RECORDS PROVIDED =
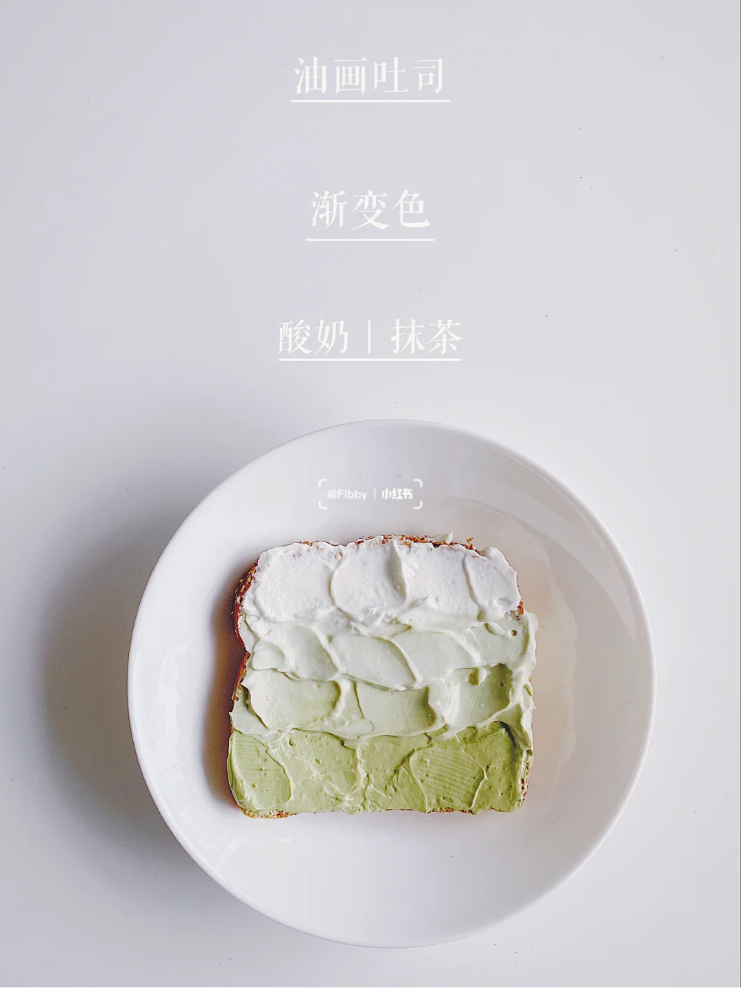 2️⃣用刀把酸奶按颜色抹在吐司上,就可以制作成油画吐司或者鱼鳞吐司一样(也可根据大家喜欢的样子涂抹,图4⃣️)
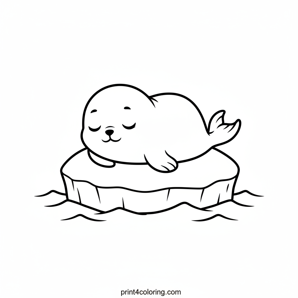 Dive into a peaceful arctic scene with this adorable baby seal pup! With big, friendly eyes closed, it's enjoying a super cute nap on a smooth, rounded iceberg. Gentle waves softly rock around it, creating a serene moment. Grab your crayons and bring this cozy polar dream to life with your favorite colors!
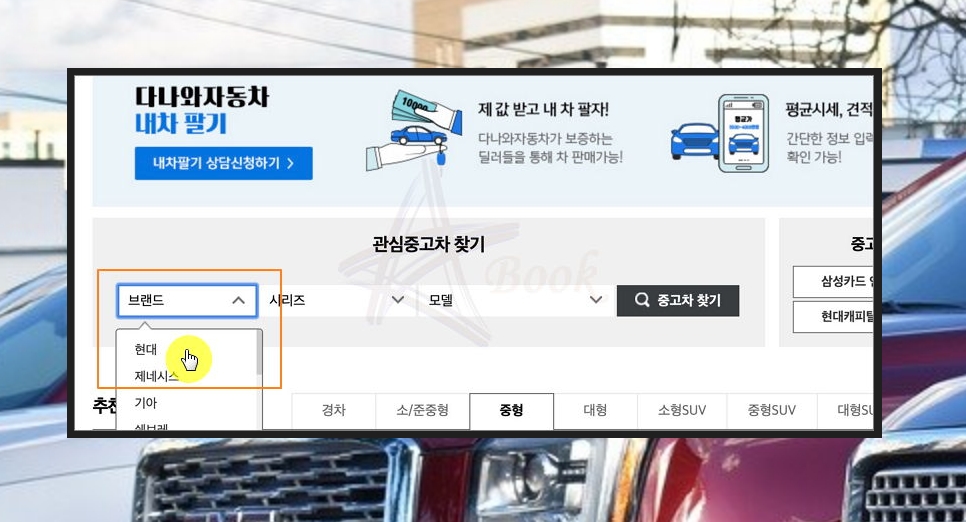 다나와 자동차 홈페이지를 이용하면 신차는 물론이고, 중고차 시세를 쉽게 찾아볼 수 있어요. 국내에서 가장 판매량이 높은 현대자동차의 모델은 물론이고, 그외 국산차와 수입차등에 대한 정보도 많습니다. 구글에서 검색한 경우에는 중고차 페이지로 바로 이동이 가능하고요. 메인 페이지로 접속한 경우에는 메뉴에 있는 중고차를 클릭해 주세요.
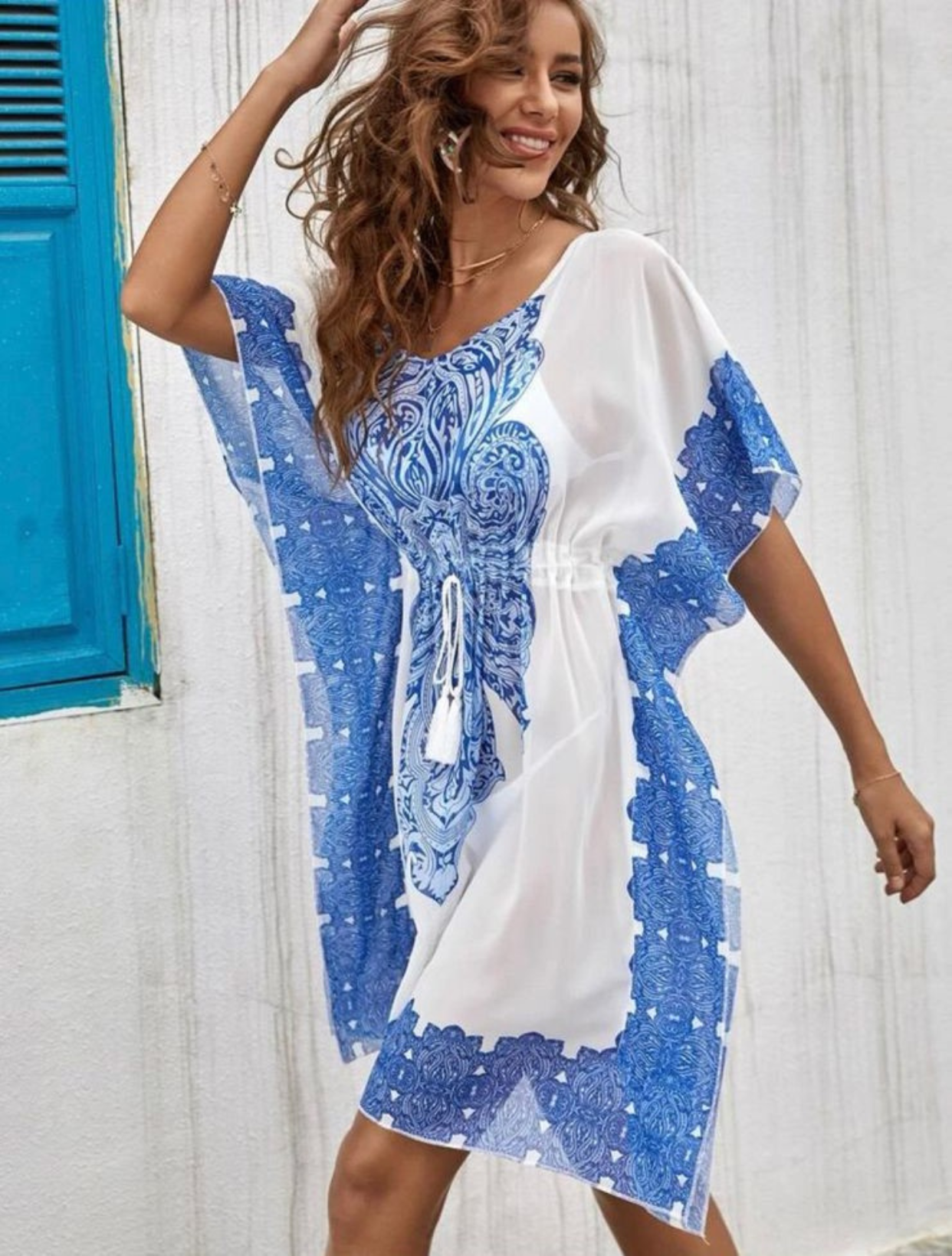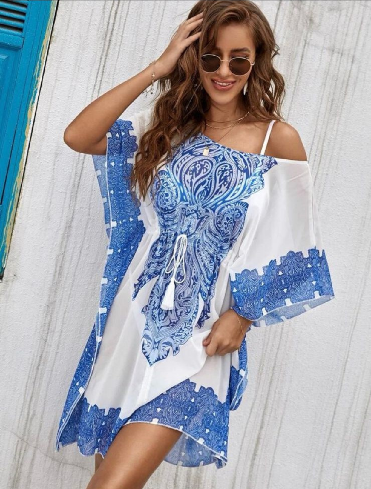 Our Blue & White Paisley Cover Up Dress is a perfect blend of beachy charm and timeless style. This dress showcases a captivating blue and white paisley pattern that exudes a sense of relaxation and beauty. Designed for easygoing elegance, it's the ideal choice for slipping over your swimsuit or for a casual summer look. Embrace the laid-back vibes with this versatile cover-up that effortlessly adds a touch of sophistication to your beach or poolside ensemble.
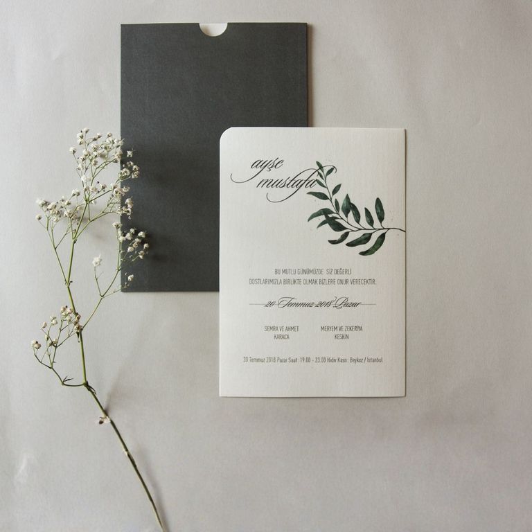 - Sade davetiye, minimal tasarımıyla yazı ve grafik detayların net şekilde öne çıkmasını sağlar.
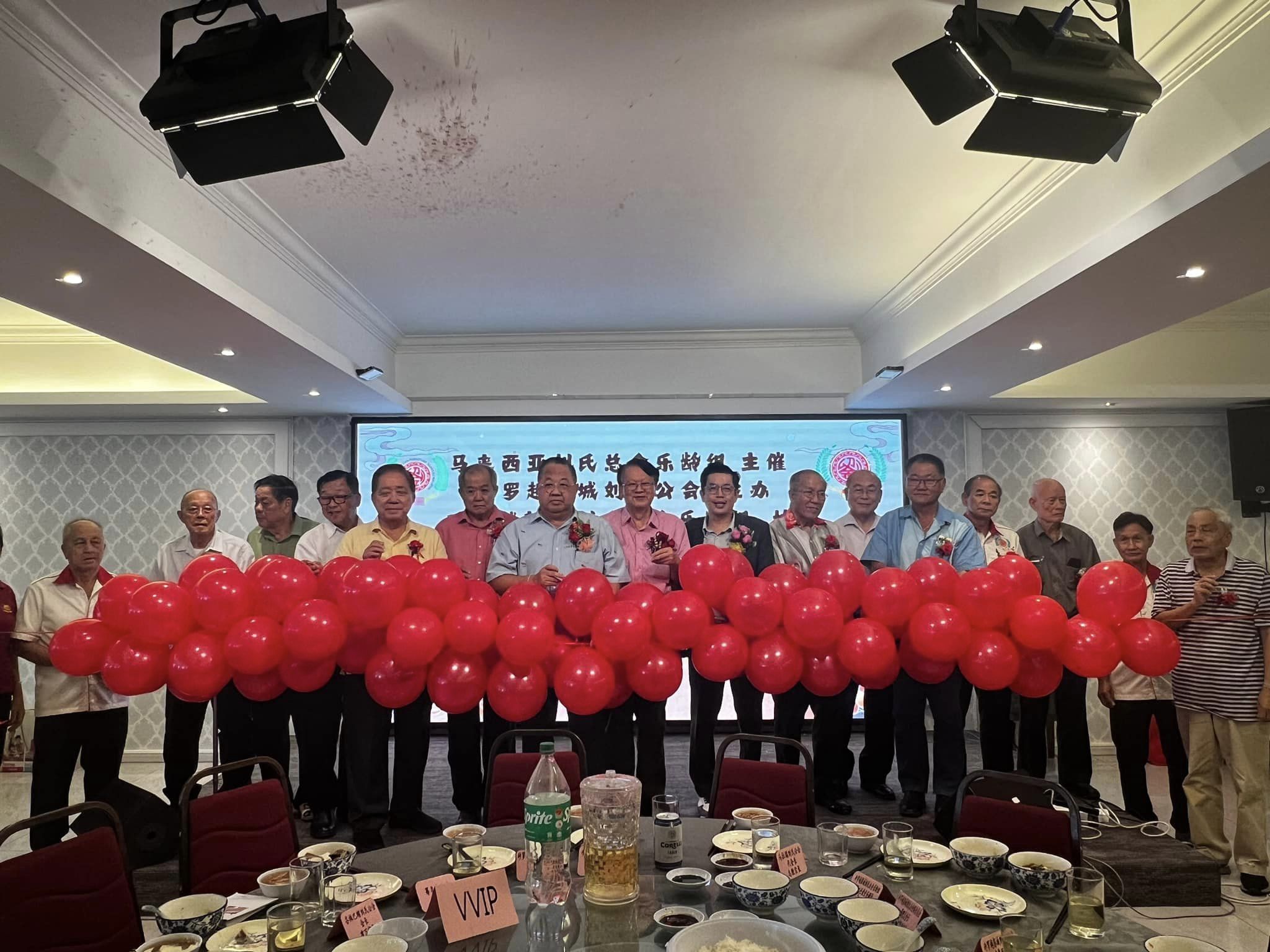 众嘉宾联合为2024年重阳节午宴主持爆彩球开幕仪式。左起为砂彭城刘氏公会乐龄组主任刘兴勇、副会长刘庆成、永久名誉主席拿督刘增强、峇株巴辖刘氏公会会长刘建万、砂彭城刘氏公会永久名誉主席刘本武、筹备会主席刘乃逖、主席刘贤远、主宾暨会长刘伯举;马来西亚刘氏总会总会长刘博文、砂彭城刘氏公会联合总会署理总会长天猛公刘贤敏、砂彭城刘氏公会名誉顾问拿督刘义华、马拉端刘氏公会代会长刘志敦、砂彭城刘氏公会联合总会乐龄总主任刘织强、砂彭城刘氏公会乐龄组名誉主任兼会务顾问刘斌、马来西亚刘氏总会乐龄组总主任刘扬斌及砂彭城刘氏公会副会长刘世南。
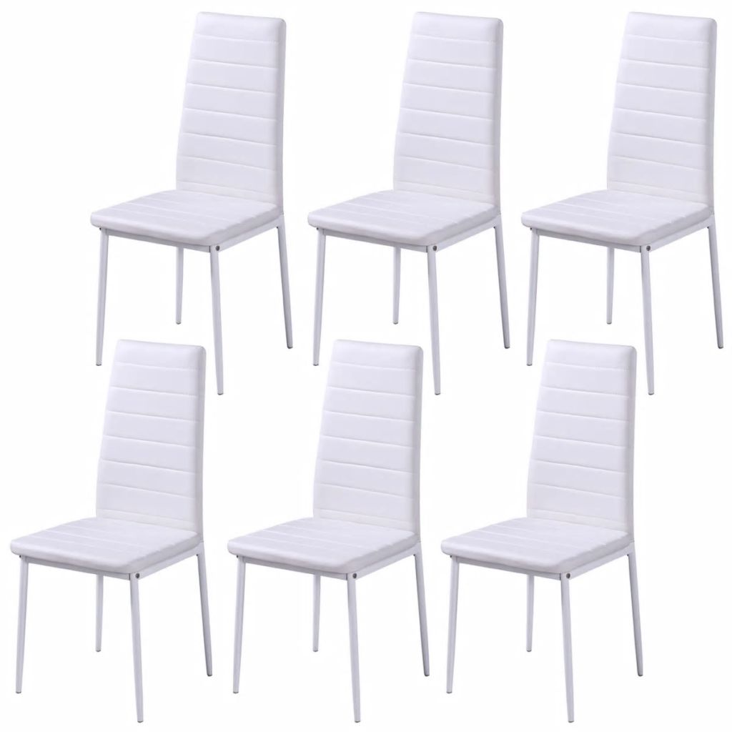 Diese Essgruppe, bestehend aus 7 Teilen, hat ein elegantes, modernes Design und ist ideal für alle, die ihrem Interieur einen Hauch von Stil verleihen möchten. Die Tischplatte besteht aus gehärtetem Glas, das leicht zu reinigen ist. Jeder Stuhl ist mit hochwertigem Kunstleder bezogen. Der weiche, gepolsterte Sitz ist sehr bequem. Die Lieferung umfasst 1 Tisch und 6 Stühle.
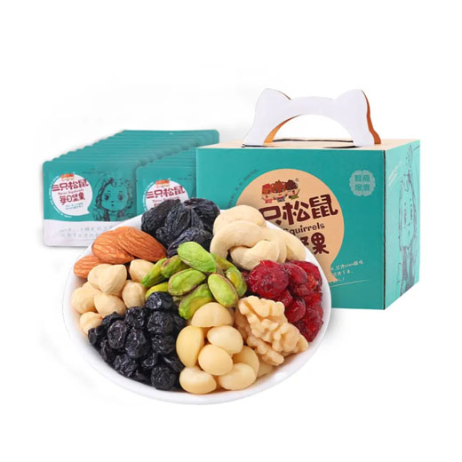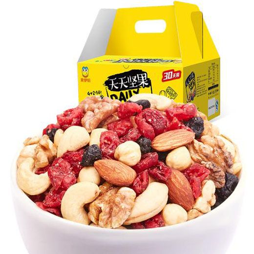 三只松鼠的每日坚果,每包里面有巴旦木仁、榛子仁、核桃仁、腰果仁、蔓越莓干、蓝莓干、提子干、黑加仑葡萄干共8款热销坚果及果仁,多个品种,好吃不腻,而且不添加色素、香精,营养全面,非常受欢迎。
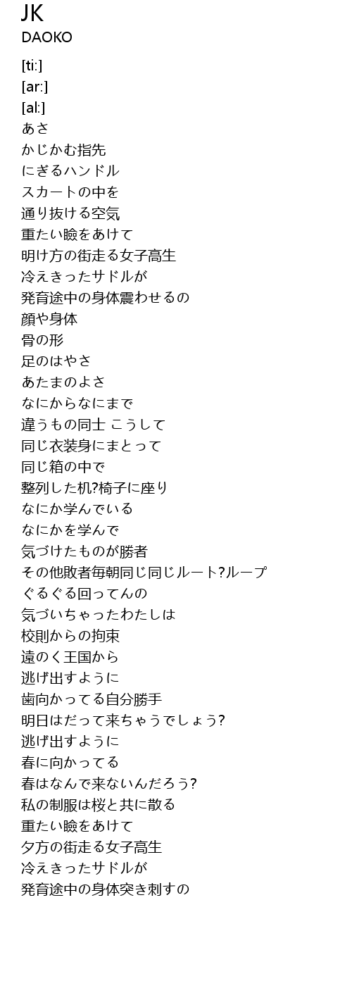 | [02:09.70] | その他敗者毎朝同じ同じルート?ループ |
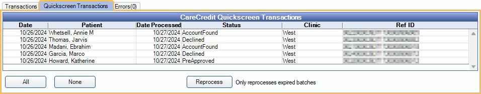 Click Reprocess to process the Quickscreen transaction for selected patients with a status of ExpiredBatch. The status is set to Pending and the transaction is reprocessed during the next Batch Quickscreen
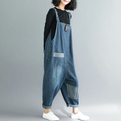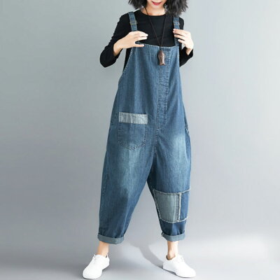 ルーズなシルエットが◎デニムオールインワン デニムサロペット レディース サロペット パンツ デニム サルエルパンツ オールインワン 大きめ ゆったり 可愛い 春 夏 秋
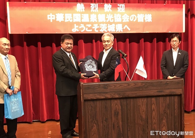 ▲中華民國溫泉觀光協會總理事長李吉田(左2)受邀至茨城縣,擔任台日友好交流協定簽訂見證人;茨城縣營業戰略部長堀江英夫(右2)贈與紀念物表示友好。(圖/記者白珈陽攝)
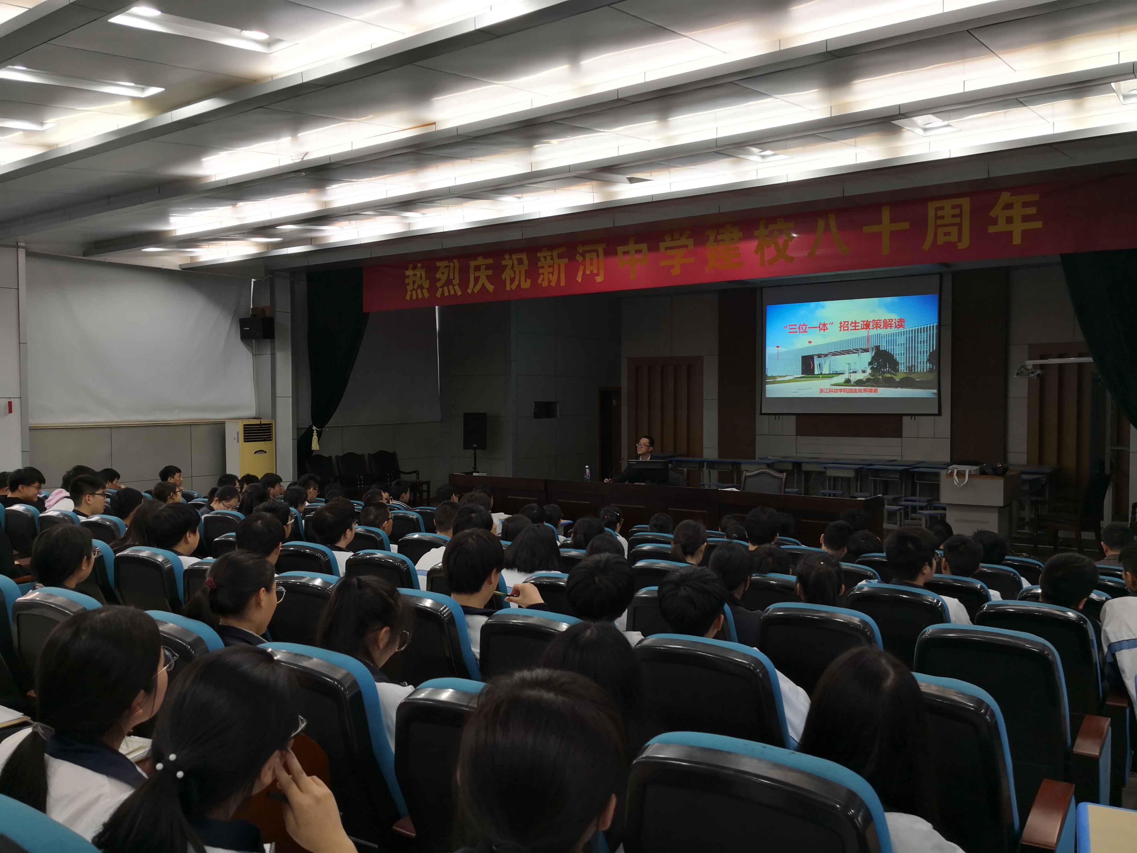 的200余名中学生参加了咨询宣讲会,新河中学教务办主任陶正出席并主持了本次咨询宣讲会。

WHAT NEEDS TO BE DONE = Return the whole listing word for word. Pictures stay out of it.

EXPECTED OUTPUT =
 2️⃣用刀把酸奶按颜色抹在吐司上,就可以制作成油画吐司或者鱼鳞吐司一样(也可根据大家喜欢的样子涂抹,图4⃣️)
 Dive into a peaceful arctic scene with this adorable baby seal pup! With big, friendly eyes closed, it's enjoying a super cute nap on a smooth, rounded iceberg. Gentle waves softly rock around it, creating a serene moment. Grab your crayons and bring this cozy polar dream to life with your favorite colors!
 다나와 자동차 홈페이지를 이용하면 신차는 물론이고, 중고차 시세를 쉽게 찾아볼 수 있어요. 국내에서 가장 판매량이 높은 현대자동차의 모델은 물론이고, 그외 국산차와 수입차등에 대한 정보도 많습니다. 구글에서 검색한 경우에는 중고차 페이지로 바로 이동이 가능하고요. 메인 페이지로 접속한 경우에는 메뉴에 있는 중고차를 클릭해 주세요.
 Our Blue & White Paisley Cover Up Dress is a perfect blend of beachy charm and timeless style. This dress showcases a captivating blue and white paisley pattern that exudes a sense of relaxation and beauty. Designed for easygoing elegance, it's the ideal choice for slipping over your swimsuit or for a casual summer look. Embrace the laid-back vibes with this versatile cover-up that effortlessly adds a touch of sophistication to your beach or poolside ensemble.
 - Sade davetiye, minimal tasarımıyla yazı ve grafik detayların net şekilde öne çıkmasını sağlar.
 众嘉宾联合为2024年重阳节午宴主持爆彩球开幕仪式。左起为砂彭城刘氏公会乐龄组主任刘兴勇、副会长刘庆成、永久名誉主席拿督刘增强、峇株巴辖刘氏公会会长刘建万、砂彭城刘氏公会永久名誉主席刘本武、筹备会主席刘乃逖、主席刘贤远、主宾暨会长刘伯举;马来西亚刘氏总会总会长刘博文、砂彭城刘氏公会联合总会署理总会长天猛公刘贤敏、砂彭城刘氏公会名誉顾问拿督刘义华、马拉端刘氏公会代会长刘志敦、砂彭城刘氏公会联合总会乐龄总主任刘织强、砂彭城刘氏公会乐龄组名誉主任兼会务顾问刘斌、马来西亚刘氏总会乐龄组总主任刘扬斌及砂彭城刘氏公会副会长刘世南。
 Diese Essgruppe, bestehend aus 7 Teilen, hat ein elegantes, modernes Design und ist ideal für alle, die ihrem Interieur einen Hauch von Stil verleihen möchten. Die Tischplatte besteht aus gehärtetem Glas, das leicht zu reinigen ist. Jeder Stuhl ist mit hochwertigem Kunstleder bezogen. Der weiche, gepolsterte Sitz ist sehr bequem. Die Lieferung umfasst 1 Tisch und 6 Stühle.
 三只松鼠的每日坚果,每包里面有巴旦木仁、榛子仁、核桃仁、腰果仁、蔓越莓干、蓝莓干、提子干、黑加仑葡萄干共8款热销坚果及果仁,多个品种,好吃不腻,而且不添加色素、香精,营养全面,非常受欢迎。
 | [02:09.70] | その他敗者毎朝同じ同じルート?ループ |
 Click Reprocess to process the Quickscreen transaction for selected patients with a status of ExpiredBatch. The status is set to Pending and the transaction is reprocessed during the next Batch Quickscreen
 ルーズなシルエットが◎デニムオールインワン デニムサロペット レディース サロペット パンツ デニム サルエルパンツ オールインワン 大きめ ゆったり 可愛い 春 夏 秋
 ▲中華民國溫泉觀光協會總理事長李吉田(左2)受邀至茨城縣,擔任台日友好交流協定簽訂見證人;茨城縣營業戰略部長堀江英夫(右2)贈與紀念物表示友好。(圖/記者白珈陽攝)
 的200余名中学生参加了咨询宣讲会,新河中学教务办主任陶正出席并主持了本次咨询宣讲会。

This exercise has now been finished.